(Stored data)

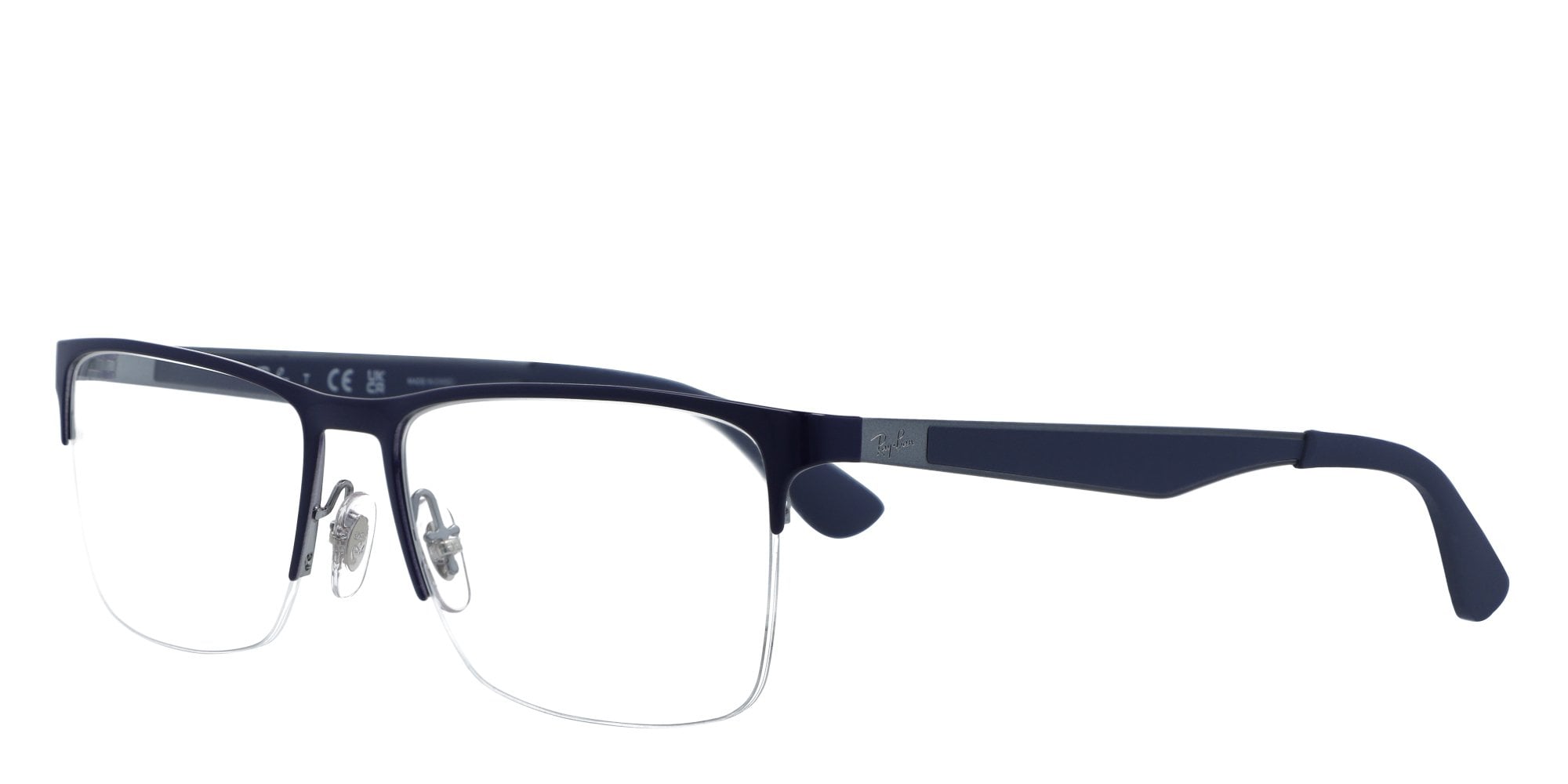 Add elegance to your look with these Ray-Ban RX6335 eyeglasses. The semi rimless glasses are constructed of metal, for frames that are lightweight and sturdy. These rectangular Ray-Ban eyeglasses flatter square, round, oval, and heart shaped faces. Rubber coated skull temples curve to the head to provide a secure fit and flexibility, while the adjustable nose pads offer a custom fit. Enjoy a look that combines style and comfort with plenty of attitude.
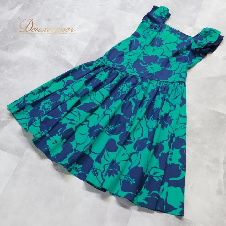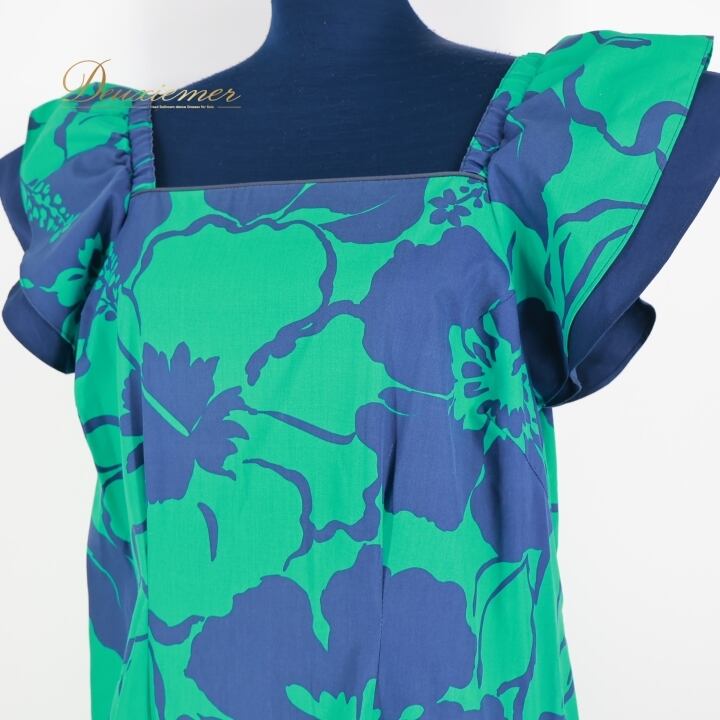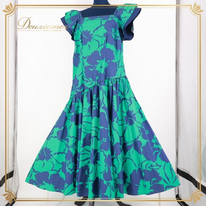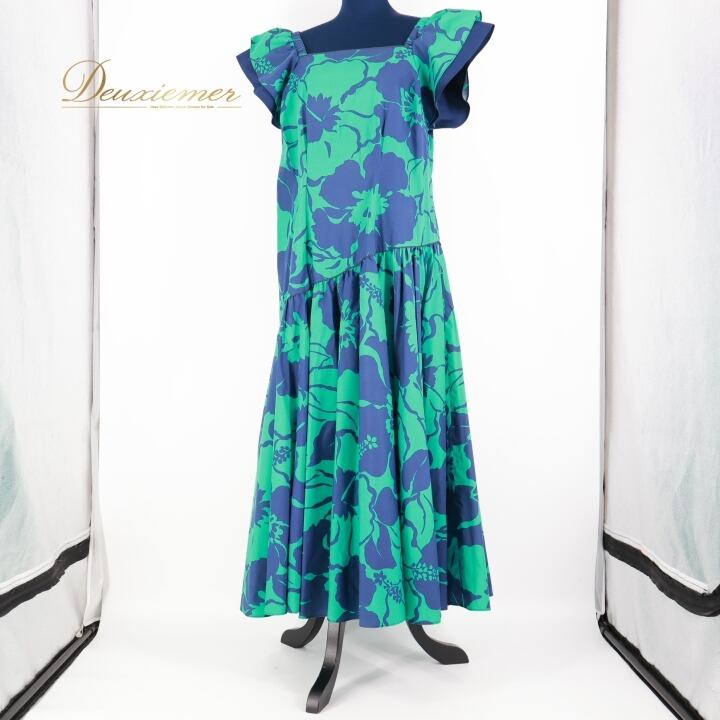 #フラダンス #フラダンス衣装 #ドレス #ワンピース #花柄 #華やか #グリーン #ネイビー #アロハ #ハワイアンスタイル #ダンス衣装 #女性用トルソー #サイズ9号 #カラフル #パーティー #特別な日 #ヘルシーライフ #伝統文化 #装飾 #ENUTSU
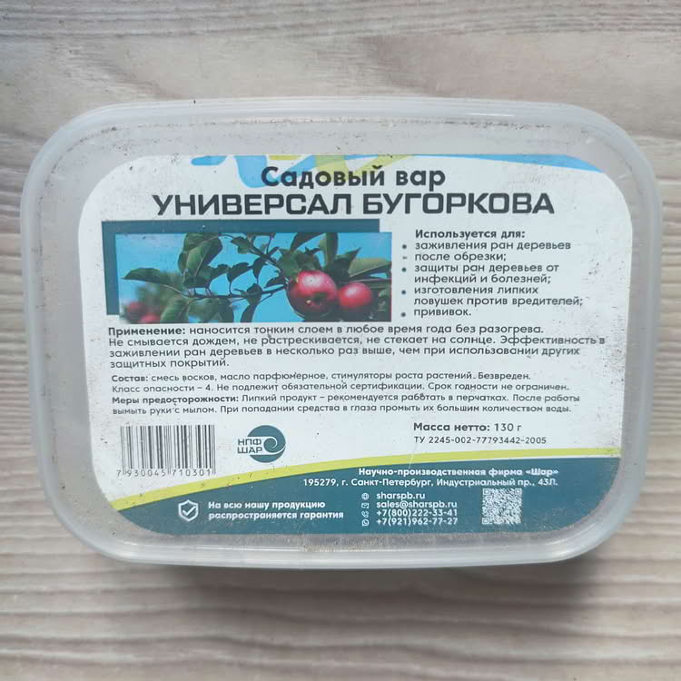 СПОСОБ ПРИМЕНЕНИЯ: садовый вар наносят лопаткой на свежие предварительно продезинфицированные медным купоросом срезы, или на застаревшие повреждения, предварительно очистив их от омертвевших частей до здоровой древесины. При обработке глубоких ран в размягченный садовый вар рекомендуется как наполнитель добавить мел или доломит.
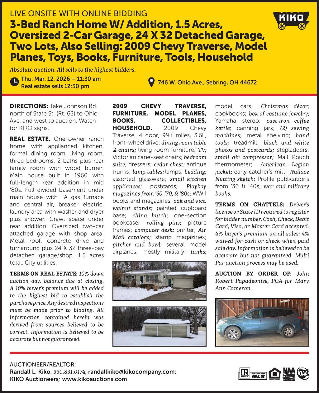 3 bedroom Ranch home with 1.5 acres, oversized garage, detached garage, household, 2009 Chevy Traverse, and misc.
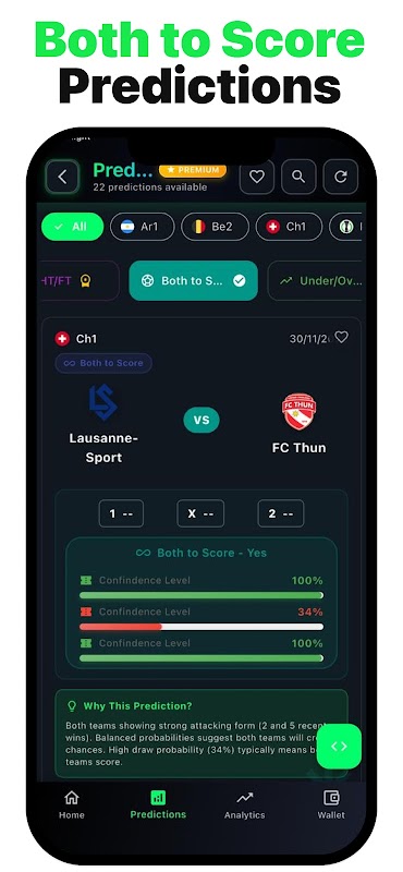 با سیستم مبتنی بر سکه ما از PrediKick بیشتر بهره ببرید. روزانه سکه به دست آورید، ویدیوهای دارای پاداش را تماشا کنید، و قفل پیش بینی های انحصاری با اطمینان بالا و تجزیه و تحلیل پیشرفته را باز کنید - بدون نیاز به پول واقعی.
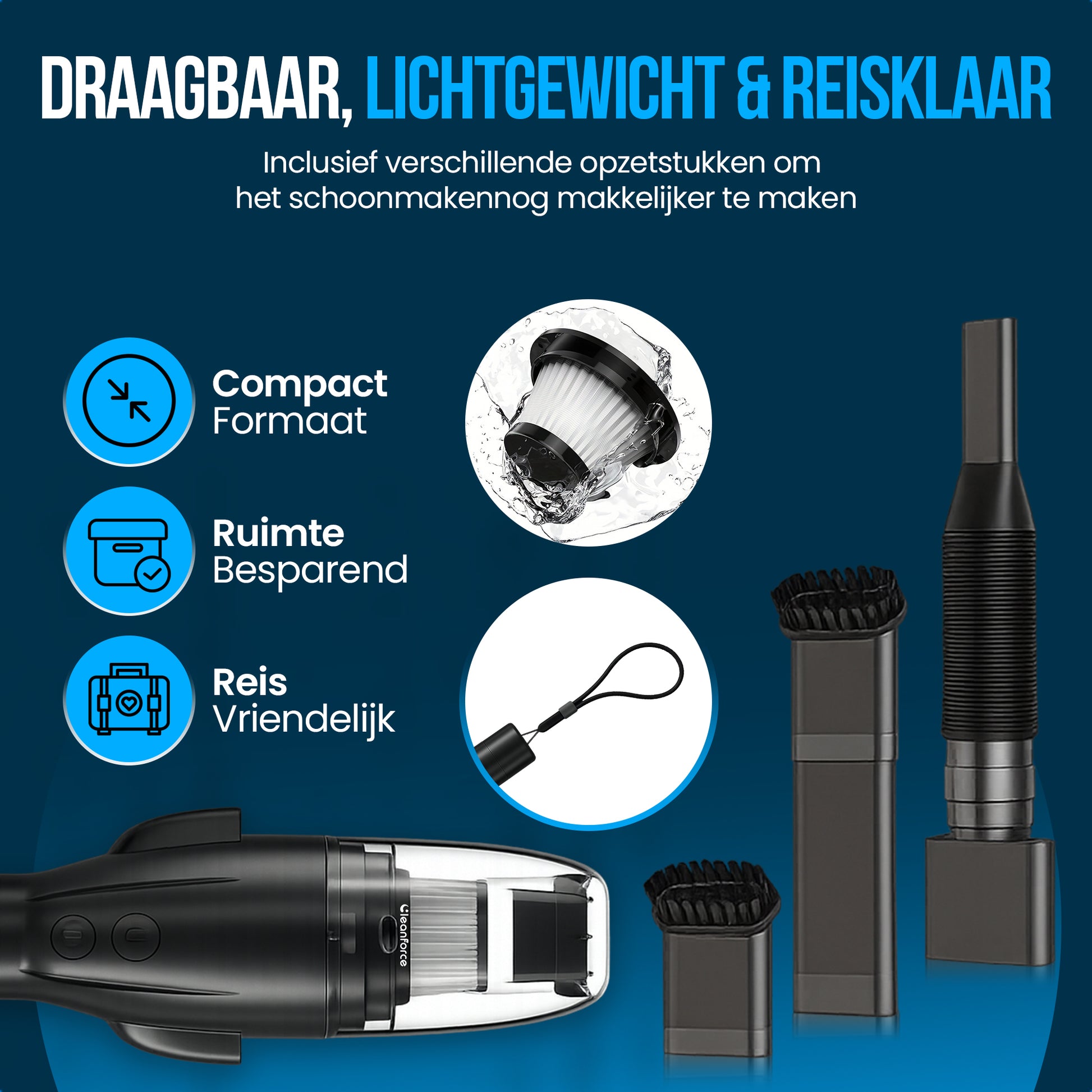 Een nette auto maakt elke rit aangenamer. Of je nu dagelijks onderweg bent of net terugkomt van een weekendje weg: met de Cleanforce houd je het interieur snel en eenvoudig schoon. Geen grote stofzuiger meer uit de kast halen of naar de wasstraat rijden – jij hebt alles zelf in de hand, waar je ook bent.
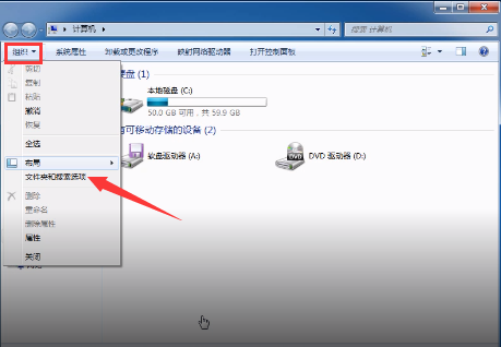 2.進入計算機頁面后我們打開左上角的組織,找到“文件夾和搜索”選項。
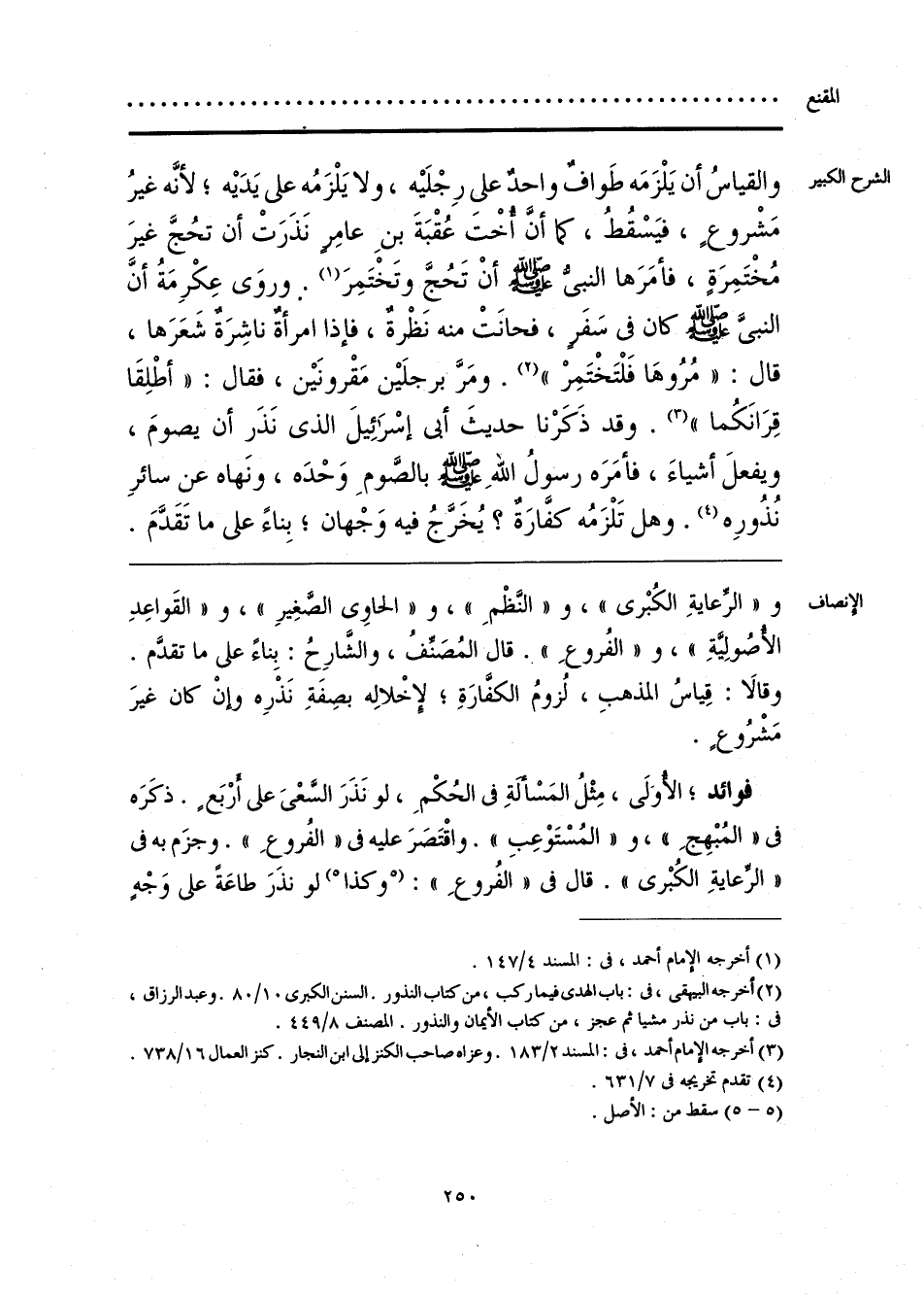 و «الرِّعايةِ الكُبْرى»، و «النَّظْمِ»، و «الحاوي الصَّغِيرِ»، و «القَواعِدِ الأصُولِيَّةِ»، و «الفُروعِ». قال المُصَنِّفُ، والشَّارِحُ: بِناءً على ما تقدَّم. وقالا: قِياسُ المذهبِ، لُزومُ الكفَّارَةِ؛ لإخْلالِه بصِفةِ نَذْرِه وإنْ كان غيرَ مَشْرُوع.
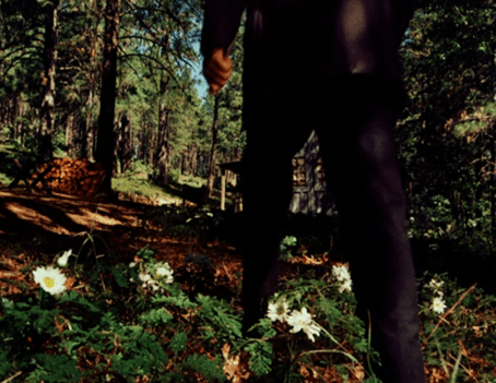 Anyways, we open on a man of late middle age, possibly, stomping wildflowers in the woods.
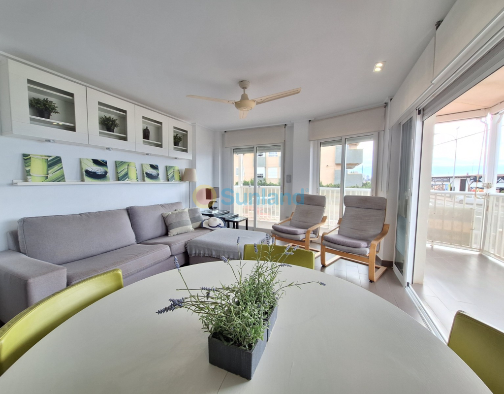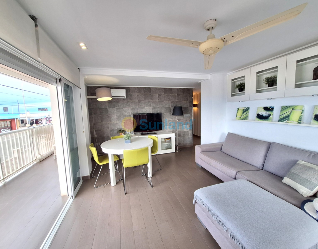 ¡Descubre este maravilloso apartamento en la zona de Gran Playa, Santa Pola! Este encantador piso reformado en primera línea ofrece unas impresionantes vistas al mar. Con una superficie de 91 m², cuenta con 3 amplios dormitorios y un baño completo. La cocina está perfectamente equipada y el salón-comedor es el lugar ideal para relajarte con familia y amigos. La joya de esta propiedad es su terraza en esquina, desde donde podrás contemplar la hermosa bahía mientras disfrutas del sol. Con orientación sureste, cada rincón se llena de luz natural. Además, el aire acondicionado en todas las estancias garantiza un ambiente fresco en verano. Ubicado a tan solo 20 metros de la playa, este piso te ofrece la oportunidad de vivir junto al mar. La plaza de parking propia incluida en el precio es un gran añadido, brindando comodidad y seguridad para tu vehículo. Aunque se encuentra en la primera planta sin ascensor, la cercanía a la playa y las vistas hacen que cada escalón valga la pena. No dejes pasar esta oportunidad única de adquirir un inmueble en una de las mejores ubicaciones de Santa Pola. ¡Ven a visitarlo y enamórate! *** Este anuncio puede contener errores. La información se muestra a título informativo, no comprometiendo contractualmente a la inmobiliaria. Tanto los datos, como las imágenes, vídeos y planos, si los hubiera, pueden estar sujetos a cambios. ***
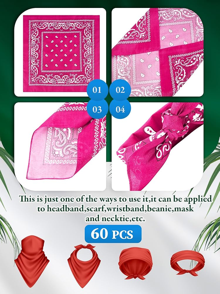 Each large bandana scarf has a proper size for versatile usage. You can wear it around your neck, use it as a headband, a pocket square, or even as a scarf. Its dimension ensures that it can be relied upon for multiple needs.
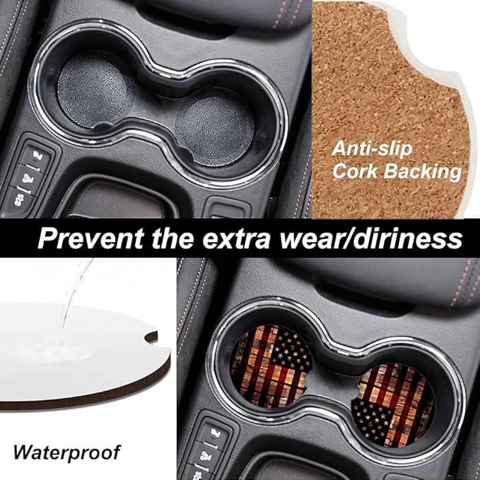 Old Wood USA Flag Absorbent Cup Holders Car Coasters,Ceramic Stone Drinks Coaster Set for Women Man 2.56"(2 Pack)

(End Stored data)

Assignment: Each line from the beginning of the entries up to and including the one containing "#フラダンス #フラダンス衣装 #ドレス" must be restated exactly. Pictures are to be left out.

Problem solution:
 Add elegance to your look with these Ray-Ban RX6335 eyeglasses. The semi rimless glasses are constructed of metal, for frames that are lightweight and sturdy. These rectangular Ray-Ban eyeglasses flatter square, round, oval, and heart shaped faces. Rubber coated skull temples curve to the head to provide a secure fit and flexibility, while the adjustable nose pads offer a custom fit. Enjoy a look that combines style and comfort with plenty of attitude.
 #フラダンス #フラダンス衣装 #ドレス #ワンピース #花柄 #華やか #グリーン #ネイビー #アロハ #ハワイアンスタイル #ダンス衣装 #女性用トルソー #サイズ9号 #カラフル #パーティー #特別な日 #ヘルシーライフ #伝統文化 #装飾 #ENUTSU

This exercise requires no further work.